Still, one needs convenient coordinates. Normal forms in the case of positive-definite forms is done by the familiar process (Gram-Schmidt orthogonalization). The process is straightforward: given a basis $$f_k, k=1,\ldots, n$$, set $$e_1:=f_1$$, so that and then iterate for $$k\gt 1$$:
$e_k=f_k+\sum_{l\lt k}c_{kl}e_l,$
where the coefficients $$c_{kl}$$ are chosen so that $$Q(e_k,e_l)=0$$ for $$k<l$$, i.e.
$c_{kl}=-\frac{Q(f_k,e_l)}{Q(e_l,e_l)}.$
(Here we use the fact that $$e_l\neq 0$$ – thanks to the linear independence of $$f$$’s, – and positive definiteness of $$Q$$.)

Exercise: Consider the space of real polynomial functions of degree at most 3. Consider the form
$q_1(f):=|f(-1)|^2+|f(0)|^2+|f(1)|^2.$
Is this form positive definite?

Consider another form,
$q(f)=\int_0^\infty e^{-x}|f(x)|^2dx.$
Diagonalize the form using Gram-Schmidt procedure starting with the standard monomial basis $$\{1,x,x^2,x^3\}$$.

7. Of course, not only positive definite quadratic forms can be brought to simple normal form; Jacobi diagonalization process works always. It creates a sequence of linear functions $$e^*_k, k=1,\ldots,n$$ (that is elements of the dual space) such that
$q(v)=\sum a_l e_k(v)^2.$

The procedure works like this: in the original basis, the form is
$\sum_{k,l} Q_{kl}x_kx_l.$
If $$Q_{11}\neq 0$$, one can represent
$q(x)=Q_{11}(x_1+\sum_{l\geq 2}Q_{1l}/Q_{11} x_l)^2+q^{(1)}$,
where $$q^{(1)}$$ depends only on coordinates $$x_2,\ldots,x_n$$. Set $$y_1=x_1+\sum_{l\geq 2}Q_{1l}/Q_{11} x_l$$; continuing inductively, we get a diagonalized quadratic form.

If at any step all diagonal elements $$Q_{ll}=0$$, change coordinates to $$x_l-x_m, x_l+x_m$$.

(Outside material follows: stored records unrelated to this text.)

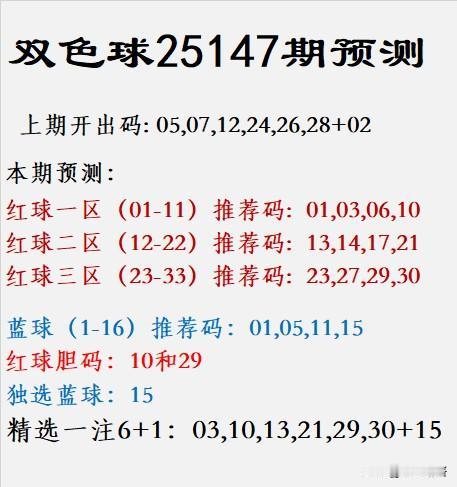 双色球25147期预测:幸运数字,等你来揭晓 上期开奖号码:05、07、12、24、26、28 + 02 本期红球预测: 一区(01-11):01、03、06、10 二区(12-22):13、14、17、21 三区(23-33):23、27、29、30 蓝球推荐(1-16):01、05、11、15 红球胆码:10、29 独选蓝球:15 精选一注6+1:03、10、13、21、29、30 + 15 奖池还有27亿,足够开出500注一等奖,个人观点,仅供参考,祝大家好运!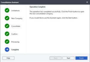 Congratulations! You have successfully consolidated your companies and can now start working in your new consolidated company.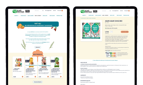 A Boutique en ligne de la marque Nat-Ali, des produits biologiques rapides à préparer soi-même, comme des flans, entremets, aides culinaires, potages ou encore de l'agar-agar. Pour cet e-commerce, le tunnel de vente a été simplifié au maximum, toutes les étapes étant accessibles depuis un même écran. La création d'un compte n'est pas nécessaire.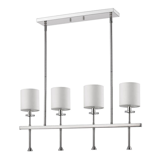 Kara 4-Light Polished Nickel Island Pendant With Fabric Shades And Crystal Bobeches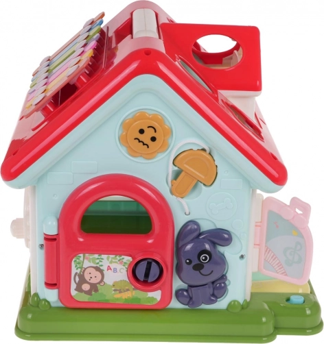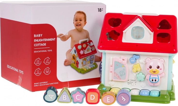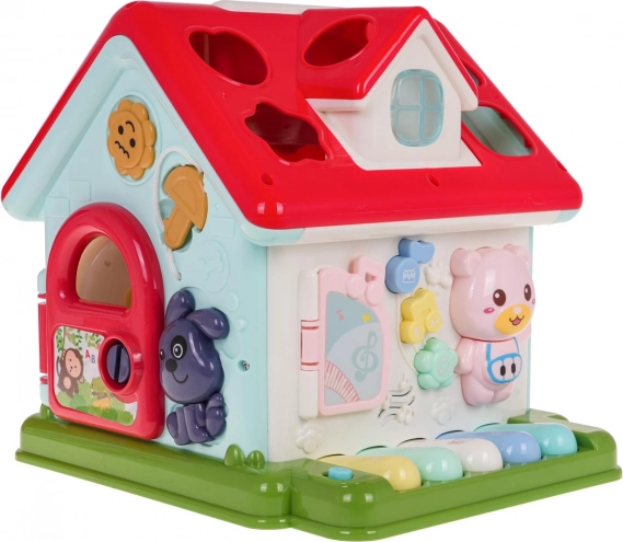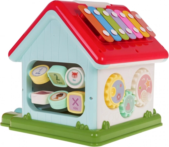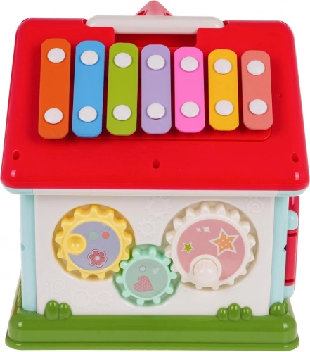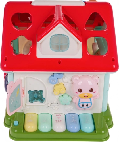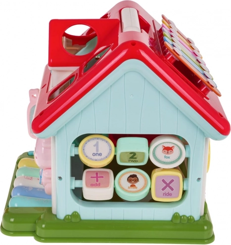 Odkrijte zabaven način, kako otroke seznaniti z glasbo, oblikami in barvami. Interaktivna hiška združuje klavirček s 5 tipkami (številke, živali in njihovi zvoki, melodije, toni Do–So), svetlobno okence in govoreče/igralne elemente z živalicami. Vsaka stena ponuja drugo aktivnost – od vratc na ključ do zobnikov in vrtljivih kock s črkami.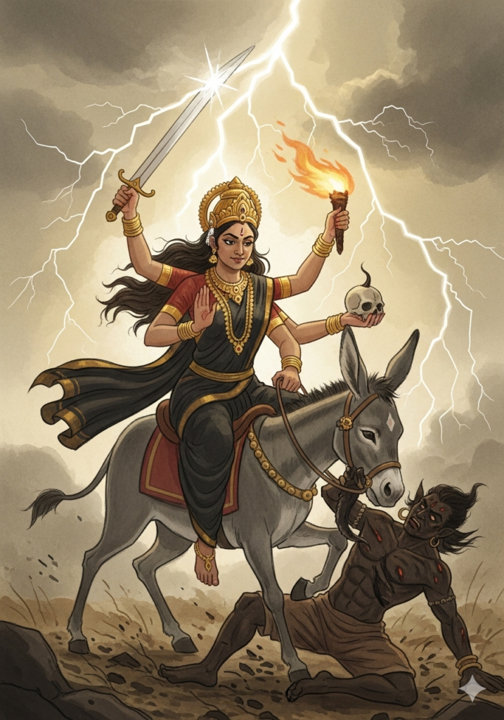 कालरात्रि माता का स्वरूप गहन काला है, किंतु वह करुणामयी हैं। वह बुरी शक्तियों का नाश करती हैं।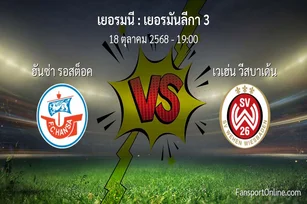 วิเคราะห์บอล เยอรมันลีกา 3 ระหว่าง ฮันซ่า รอสต็อค พบ เวเฮ่น วีสบาเด้น (18 ตุลาคม 2568)

8. The numbers $$n_+, n_-$$ of positive and negative coefficients in a diagonal representation of the quadratic form are called its signature. The signature is an invariant of a quadratic form (that is it does not matter, what is the diagonalization process, the signature of the result is always the same. In fact, $$n_+$$ ($$n_-$$) is the largest dimension of a subspace restriction to which of the quadratic form is positive (negative) definite. At the same time, $$n_0:=n-n_+-n_-$$ is the dimension of $$\ker Q$$.

9. The diagonalization process can be made perfectly efficient is the principal minors of the Gram matrix, that is the determinants
$\Delta_0:=1, \Delta_1:=Q_{11}, \Delta_2=\left|\begin{array}{cc}Q_{11}& Q_{12}\\Q_{21}&Q_{22}\\\end{array}\right|,\ldots$
are non-vanishing. In this case, the diagonalization results in the quadratic form
$\sum_{k=1}^n\frac{\Delta_k}{\Delta_{k-1}}y_k^2,$
implying the Sylvester criterion for a quadratic form to be positive definite: all principal minors of its Gram matrix (with respect to any basis) should be positive.

Exercise. Find the signature of the quadratic form $$q_1$$ above.